After that Garwal helped the British to step in and then conquer a large part of the region through the treaty of Sigauli in the year 1817. This region got merged with Utter Pradesh after independence. Then there happened a vocal separatist movement after which the present state of Uttaranchal was formed in the year 2000.
In the year 2007, the state was officially also re-named as Uttarakhand and this word traditionally means "Northern Country".
The central stretch of the Himalayas also had an ancient Puranic term and that is called the Uttarakhand. The peaks as well as the valleys well very well known in the earlier times and it was called the abode of Gods and also Goddesses. This was also referred to as the source of the river Ganges. Today this state is also referred to as the "land of Gods". This is because there are a number of Hindu pilgrimage spots that are now available.
A lot of dynasties starting from the Pauravas, Kushanas, Katyuris, Guptas, Palas, Kunindas, the Chands, and Parmars or Panwars to the British have ruled this place from time to time.
Know About the Ancient Medieval History of this Place
The Kols originally inhabited the Himalayan region. They were later joined by the Indo-Aryan khas tribe from the North Western part during the Vedic period. During the Vedic period the Uttarakhand region was served by both the sadhus as well as rishis. As per the legend, Sage Vyasa first scripted The Mahabharata as it is believed that the Pandavas have camped and stayed in this particular region.
Kunindas in the 2nd century were one among the first major dynasties and they practised Shaivism at its earliest forms. These people traded in Salt with the Western part of Tibet. Again between the 7th and the 14th centuries, the Katyuri dynasty started dominating lands of varying areas starting from the Katyur valley in the Kumaon region.
By the middle period the region again got consolidated under the Kumaon kingdom in the Eastern part of the country and the Garhwal kingdom in the Western part of the country. From the 13th till the 18th century, Kumaon kingdom grew and prospered under the Chand Rajas and they actually had their origin in the Indian plains.

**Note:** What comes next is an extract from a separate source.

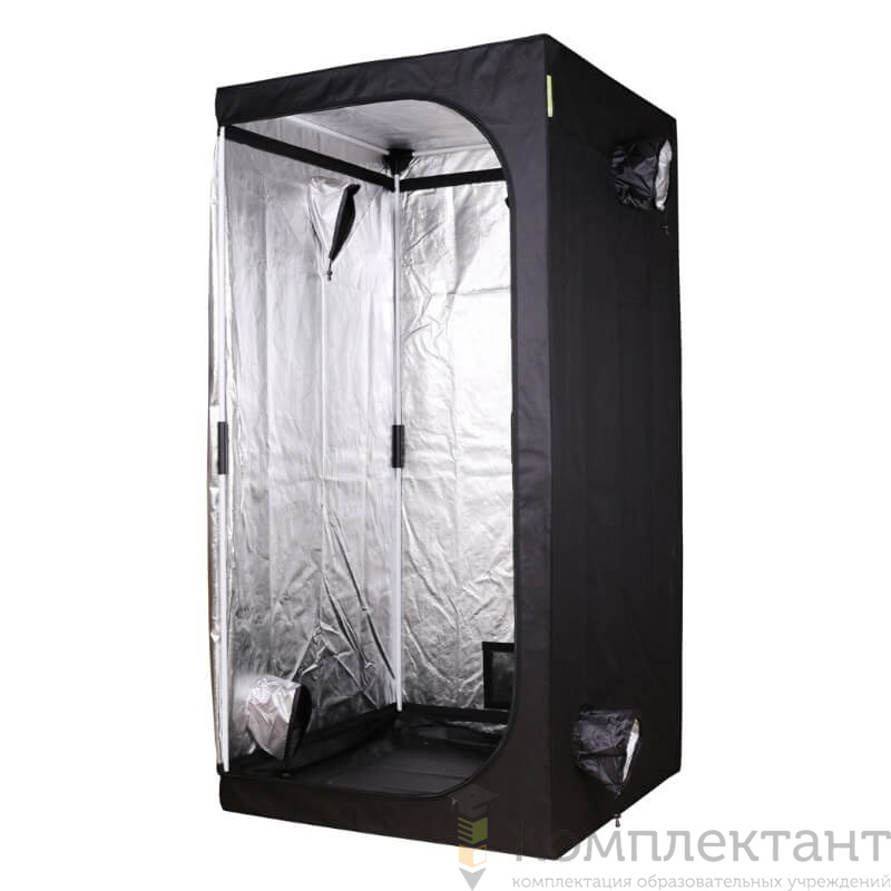 Гроутент на 2–4 растения. Сборно-разборный каркас из металлических трубок и жёстких пластиковых уголков, на который надевается «палатка»; тент прочный, устойчивый, его очень легко собрать (есть инструкция, как у икеи). Две перекладины для подвесного оборудования, собранный гроубокс выдерживает до 36 кг. Пять монтажных рукавов (Ø 15 см) + рукав поменьше для кабелей (Ø 9 см). Дверь на молнии открывается с двух стенок. Смотровое окошко с прозрачной плёнкой на передней стенке, вентиляционное с сеткой — на задней; оба окошка можно заклеить шторками на липучке. Также в комплект входит карман для инструментов на регулируемых ремешках и мягкий водонепроницаемый поддон на пол.
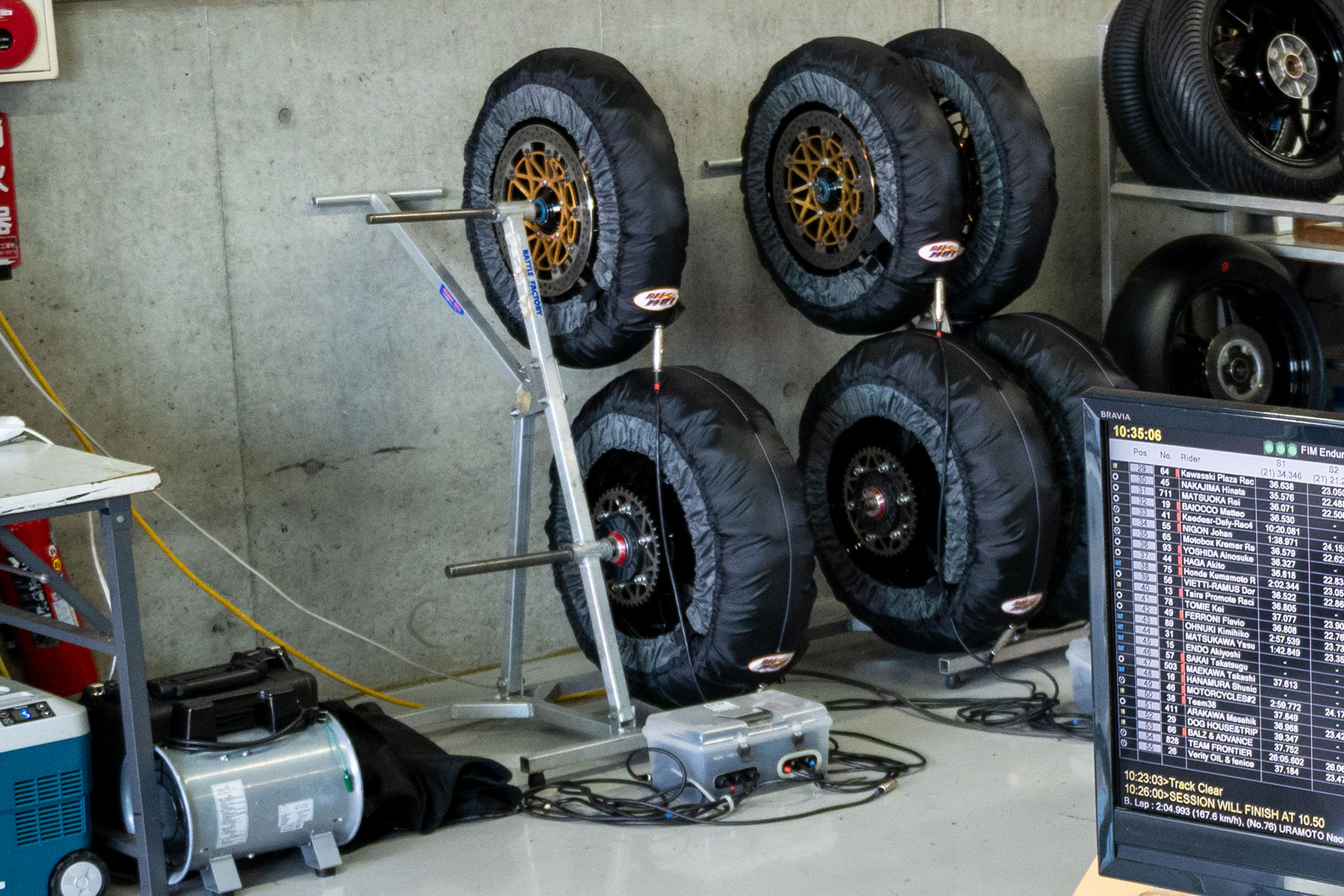 Among these devices, tire warmers are arguably the most critical for the race. Racing tires are designed to require constant temperature maintenance for safe operation. Consequently, not only at Suzuka 8 Hours but for all motorcycle races, tires are always prepared and covered with belt-like tire warmers before a race.

During this time, there were new forms of painting also started being developed. The modern day Garhwal was unified under the Panwar rajas and they came to the plains along with Rajputs and also the Brahmins.
The Changes that Happened Post Independence
After India was independent the princely state of Tehri got merged with Uttar Pradesh. The Uttarakhand was composed of Kumaon and also Garhwal divisions. Till the year 1998, this region was mainly referred to as Uttarakhand. After that there were a number of new political groups coming up and they started fighting for an absolutely separate state.
The hill kingdoms of Kumaon and Garhwal are each others rivals and they have varied cultural as well as linguistic influences. But due to the closeness of the various ethnic groups and their similar economy, geography, tradition and culture created a strong bond between the Kumaon and the Garhwal regions.
It was due to this new bond that there was a new political identity formed from the year 1990. This new unity between these two communities gained momentum in the year 1994. The demand for separate state got very wide acceptance among the local people.
Uttarakhand was Finally Born
This state was born when there was a new round of state re-organization in the year1998. The name change of the state resulted in a lot of agitation among the state activists who considered this to be a political act.
However, inspite of all the problems, from the month of January 2007, Uttarakhand started being used and the hill states of Kumaon and Garhwal finally got a name that reflects their cultural past and heritage.